1 Muharram Beda Sehari, Ini Alasan Kemenag, Muhammadiyah, dan PBNU Tak Seragam

Author: Cung Media

Awal Tahun Baru Islam 1448 H tidak jatuh pada hari yang sama di Indonesia. Kementerian Agama dan Muhammadiyah menetapkan 1 Muharram pada Selasa, 16 Juni 2026, sementara PBNU memilih Rabu, 17 Juni 2026.

Perbedaan itu muncul karena metode penentuan awal bulan hijriah yang dipakai masing-masing pihak berbeda. Pemerintah dan Muhammadiyah mengacu pada Kalender Hijriah Global Tunggal, sedangkan PBNU memakai hasil rukyatul hilal dan kriteria imkanur rukyat.

PBNU menetapkan Rabu setelah hilal tidak terlihat

Lembaga Falakiyah Pengurus Besar Nahdlatul Ulama menyampaikan rukyatul hilal pada Senin, 15 Juni 2026, di seluruh Indonesia tidak berhasil melihat hilal. Berdasarkan hasil itu, PBNU menetapkan awal Muharram 1448 H jatuh pada Rabu Kliwon, 17 Juni 2026, mulai malam Rabu, dengan dasar istikmal.

Keputusan tersebut tercantum dalam Surat Penjelasan Rukyah Muharram 1448 H Nomor 146/PB.08/A.II.11.13/13/06/2026. Surat itu ditandatangani Ketua LF PBNU KH Sirril Wafa dan Sekretaris LF PBNU H Asmui Mansur, lalu dilansir NU Online pada Senin, 15 Juni 2026.

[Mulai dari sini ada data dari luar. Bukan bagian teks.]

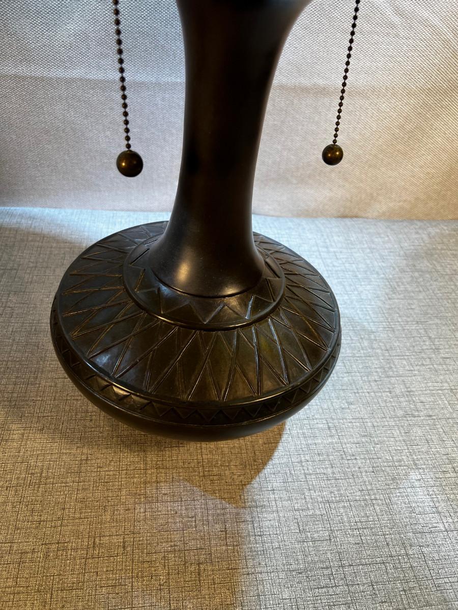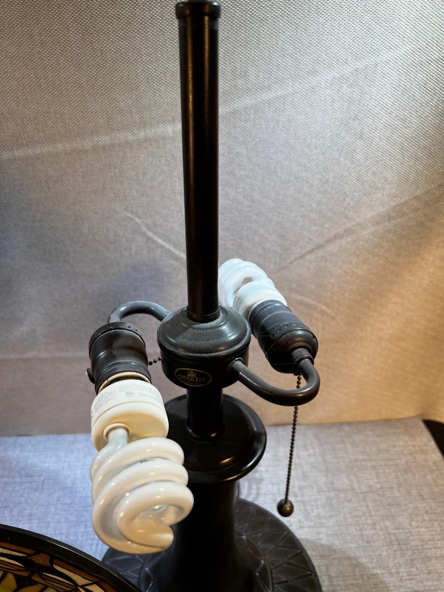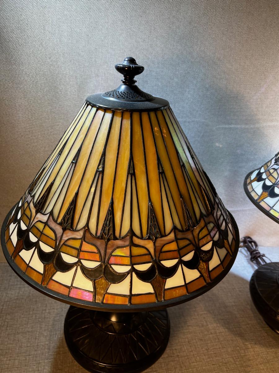 Pair of Tiffany Style Bronze & Stainglass Lamps, Quoizel

Data hilal yang jadi dasar perbedaan

PBNU mencatat posisi hilal saat itu sudah berada di atas ufuk. Di markaz Kantor PBNU di Jalan Kramat Raya 164, Jakarta, posisi hilal tercatat 2 derajat 01 menit 24 detik, dengan ijtimak terjadi pada Senin, 15 Juni 2026 pukul 09.55.14 WIB.

Dalam data falak PBNU, parameter hilal terkecil berada di Kota Merauke, Papua Selatan. Tinggi hilal mar’i tercatat 0 derajat 42 menit, elongasi hilal hakiki 5 derajat 37 menit, dan lama hilal di atas ufuk 5 menit 19 detik.

Parameter hilal terbesar tercatat di Kota Lhoknga, Aceh. Tinggi hilal mar’i mencapai 3 derajat 37 menit, elongasi hilal hakiki 6 derajat 57 menit, dan lama hilal di atas ufuk 18 menit 30 detik.

Kriteria NU membuat hasilnya tidak sama

Kriteria imkanur rukyat NU mensyaratkan tinggi hilal minimal 3 derajat dan sudut elongasi atau jarak busur bulan-matahari sebesar 6,4 derajat. Dari penghitungan itu, wilayah Indonesia yang memenuhi kriteria tersebut hanya berada di bagian barat, seperti Aceh.

Kondisi tersebut membuat hasil penetapan PBNU berbeda dengan pemerintah dan Muhammadiyah, meski sama-sama menandai datangnya 1 Muharram 1448 H. Keduanya menetapkannya sehari lebih cepat, yaitu pada Selasa, 16 Juni 2026.

Dampaknya bagi umat Islam di Indonesia

Perbedaan ini kembali menunjukkan bahwa awal tahun hijriah di Indonesia belum selalu seragam. Bagi masyarakat, hal itu bisa berdampak pada penyesuaian ibadah, pengajian, atau kegiatan keagamaan yang berkaitan dengan pergantian Tahun Baru Islam.

Di tengah perbedaan tersebut, masing-masing pihak tetap berpegang pada metode yang digunakan. PBNU menetapkan 1 Muharram 1448 H pada Rabu, sementara Kemenag dan Muhammadiyah menetapkannya pada Selasa, sehingga umat dapat menyesuaikan dengan ketetapan lembaga keagamaan yang diikuti.